--- Exercise ---
Copying rule for the data below: pictures stay out, and only the lines from the one with "One 1891-CC $1" down to the one with "Lot includes 11", inclusive, are repeated exactly.

--- Source data ---
Content starts

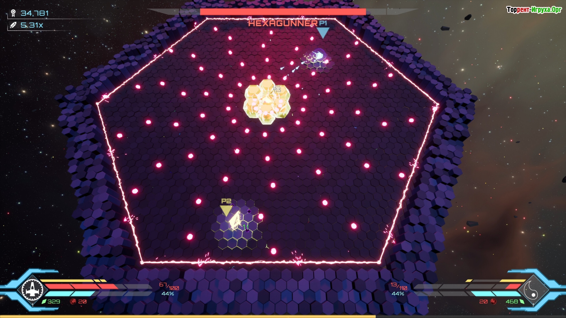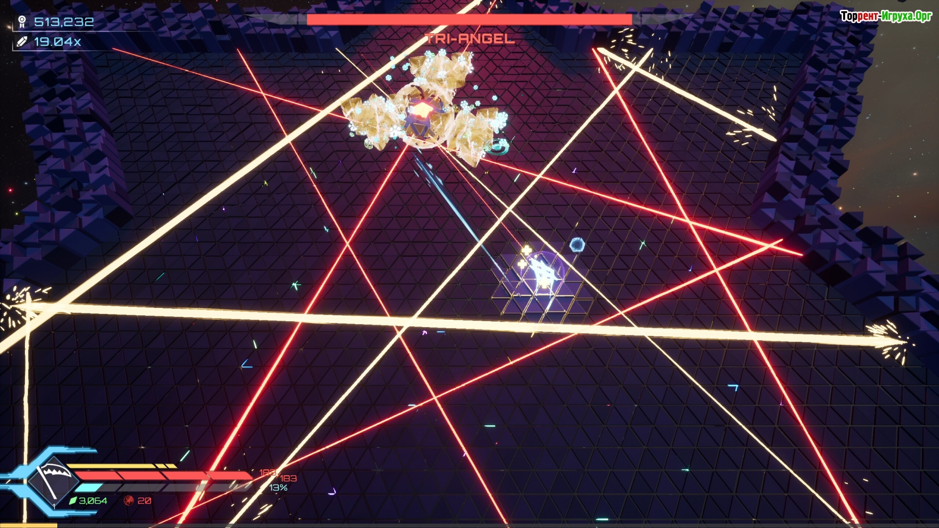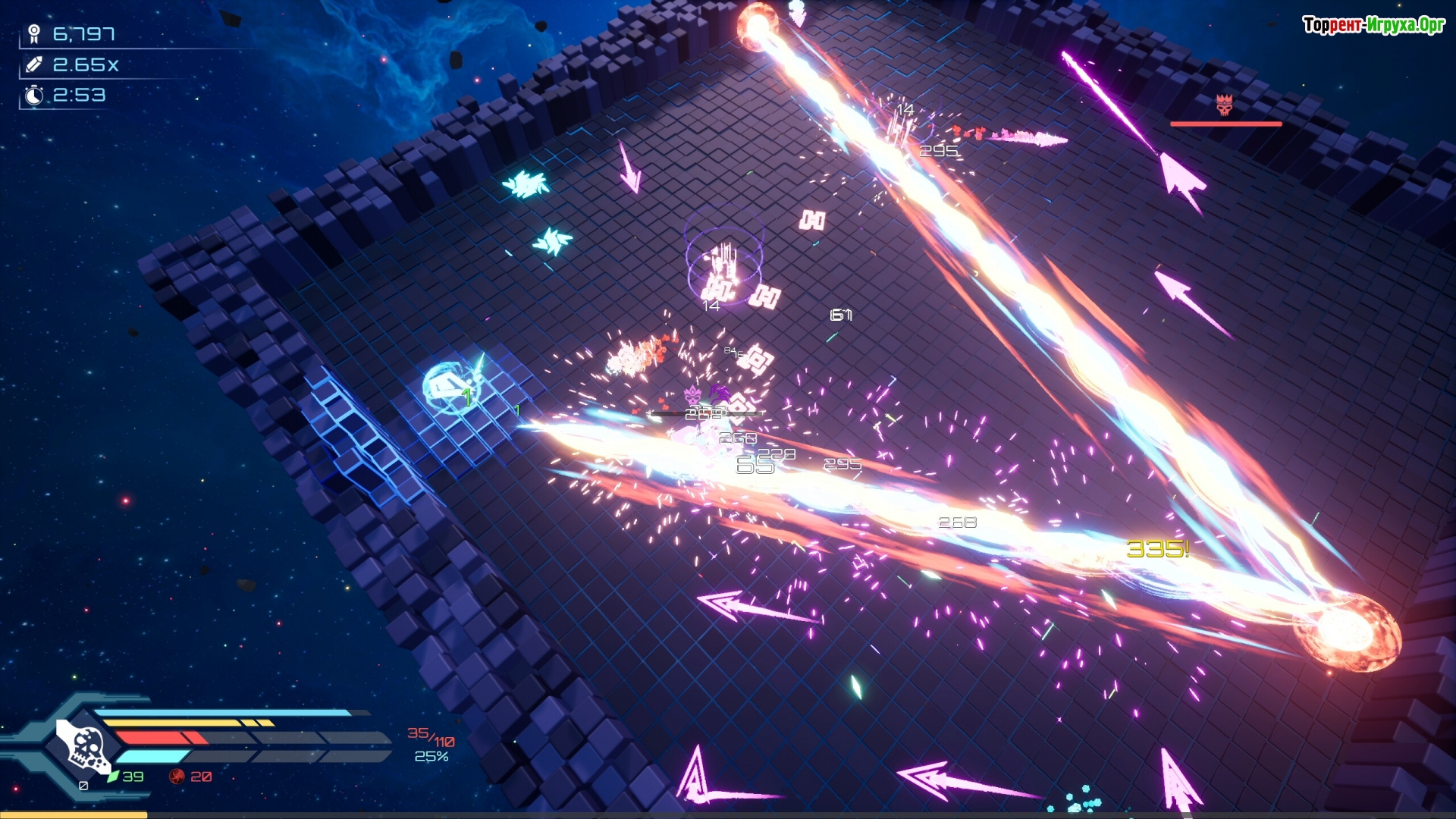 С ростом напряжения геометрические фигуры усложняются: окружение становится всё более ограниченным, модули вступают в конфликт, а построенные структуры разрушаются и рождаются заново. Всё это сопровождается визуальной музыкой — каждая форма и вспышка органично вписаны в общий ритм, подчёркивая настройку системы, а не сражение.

Content ends
Content starts

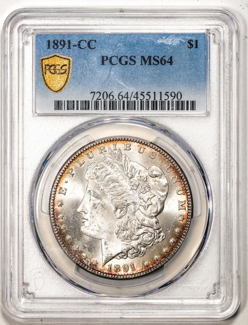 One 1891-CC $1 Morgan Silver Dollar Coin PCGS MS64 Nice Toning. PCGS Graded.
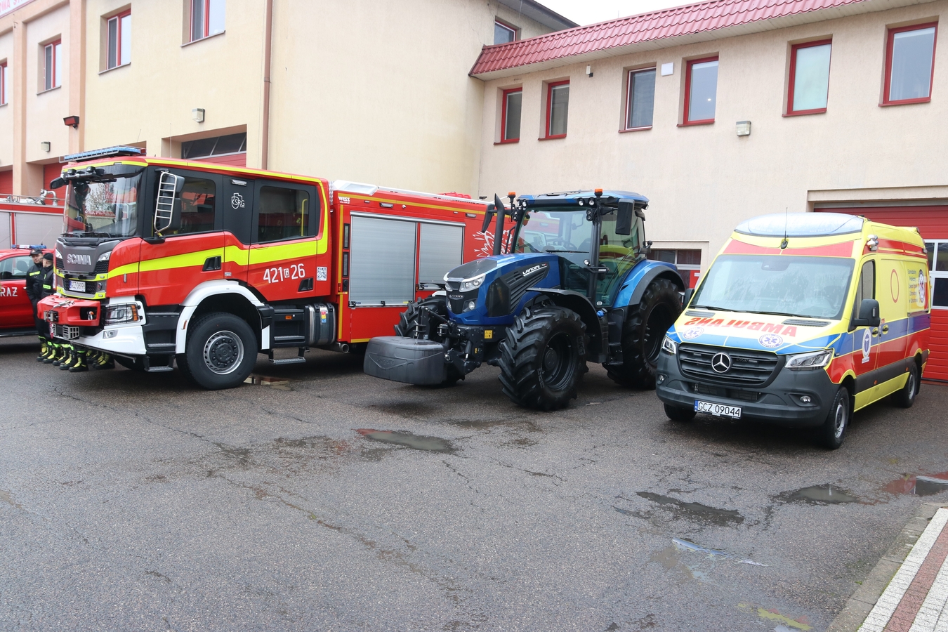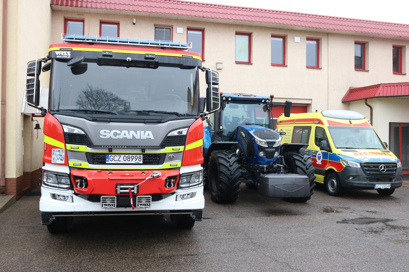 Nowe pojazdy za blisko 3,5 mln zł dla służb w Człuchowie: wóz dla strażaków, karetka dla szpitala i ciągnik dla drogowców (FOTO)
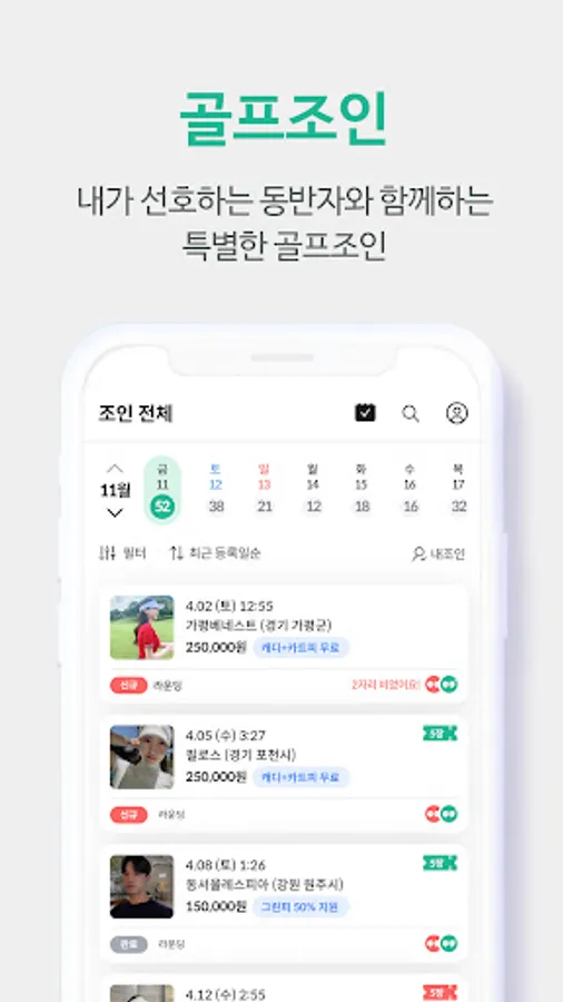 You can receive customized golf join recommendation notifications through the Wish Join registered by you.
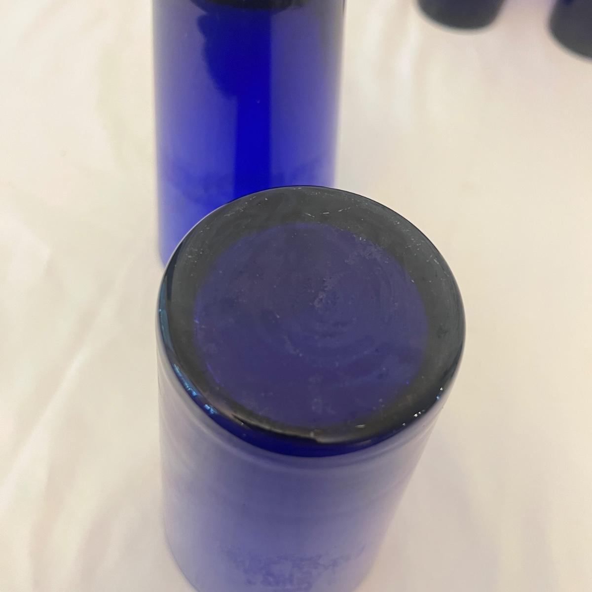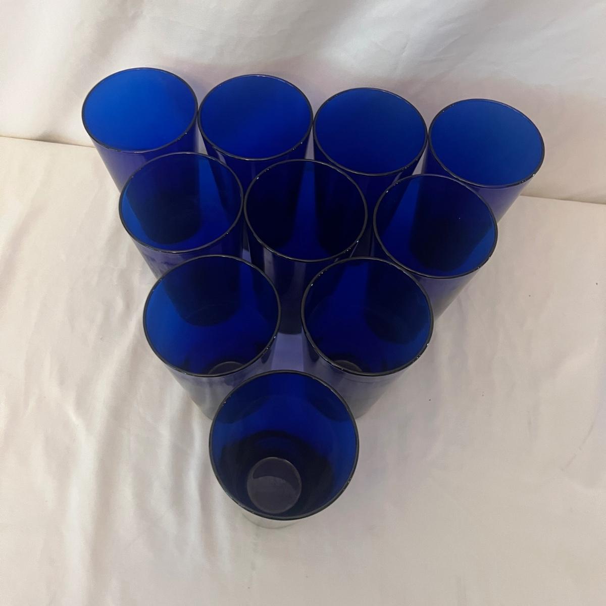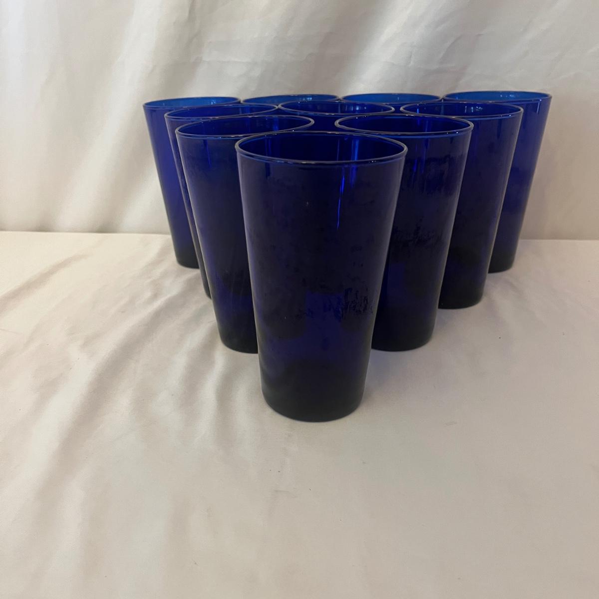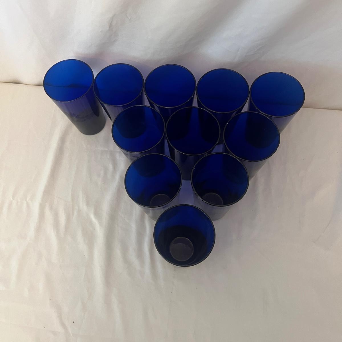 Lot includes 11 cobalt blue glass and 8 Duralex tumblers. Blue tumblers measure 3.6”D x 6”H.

Content ends
Content starts

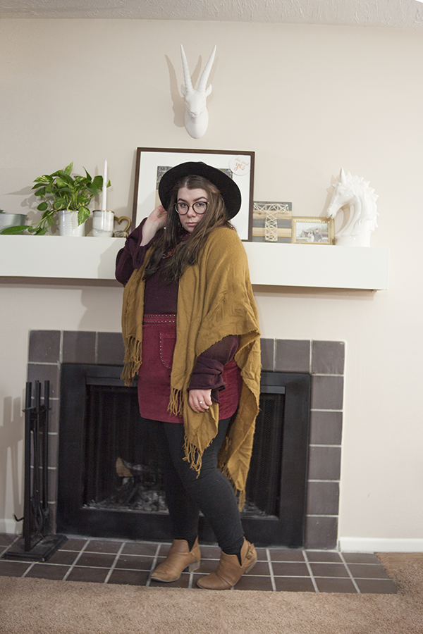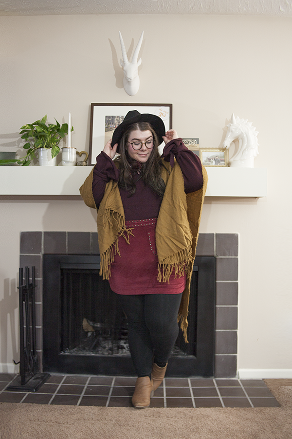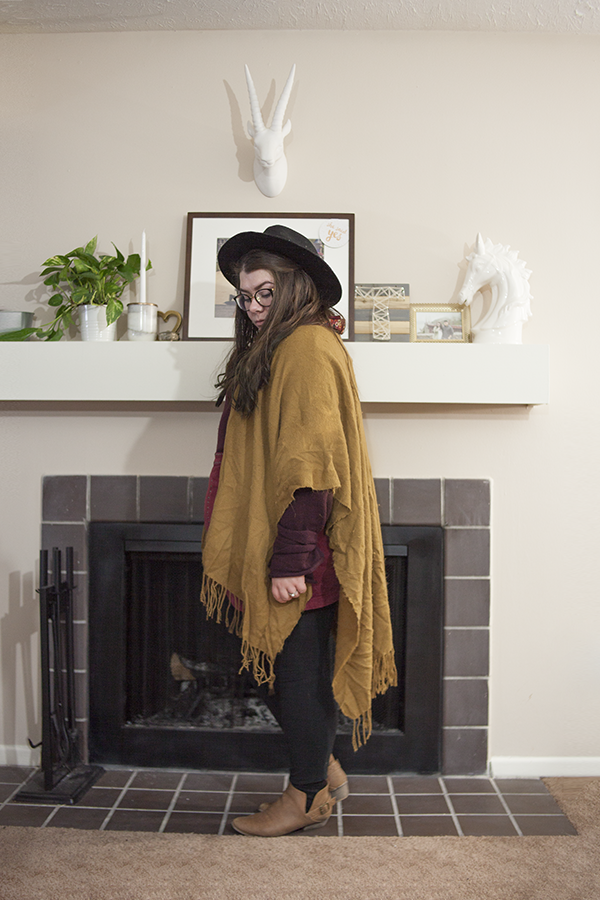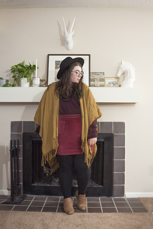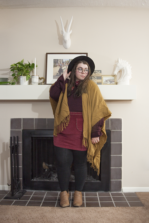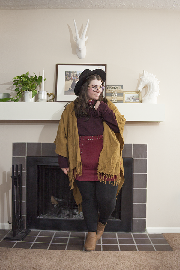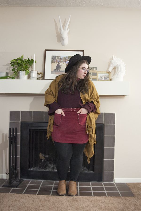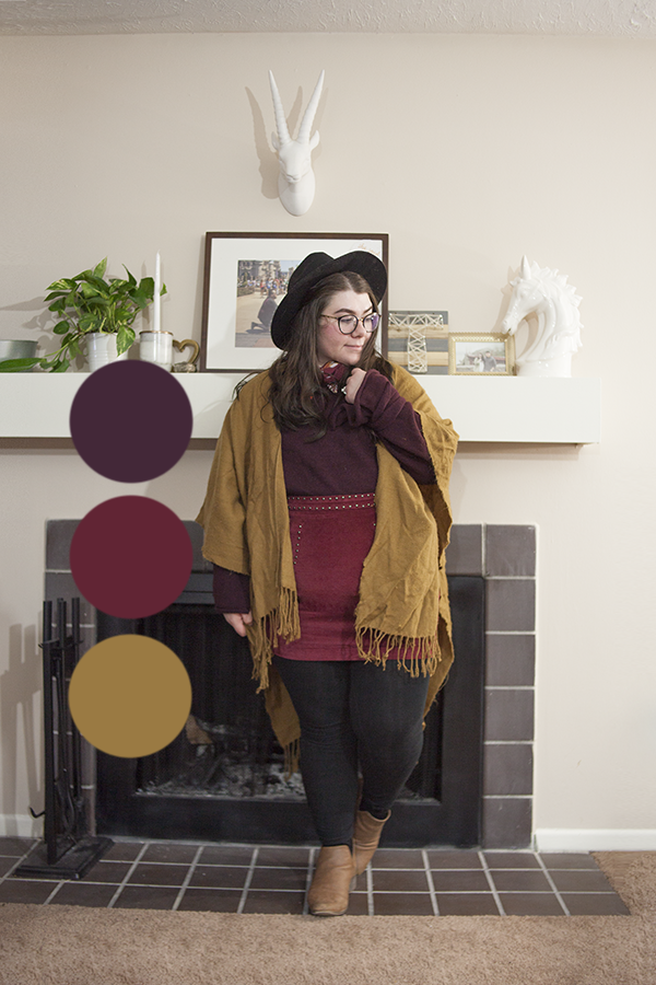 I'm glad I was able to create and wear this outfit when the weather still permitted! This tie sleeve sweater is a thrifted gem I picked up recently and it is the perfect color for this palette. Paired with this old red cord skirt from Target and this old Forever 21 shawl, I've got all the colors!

Content ends

--- Problem solution ---
 One 1891-CC $1 Morgan Silver Dollar Coin PCGS MS64 Nice Toning. PCGS Graded.
 Nowe pojazdy za blisko 3,5 mln zł dla służb w Człuchowie: wóz dla strażaków, karetka dla szpitala i ciągnik dla drogowców (FOTO)
 You can receive customized golf join recommendation notifications through the Wish Join registered by you.
 Lot includes 11 cobalt blue glass and 8 Duralex tumblers. Blue tumblers measure 3.6”D x 6”H.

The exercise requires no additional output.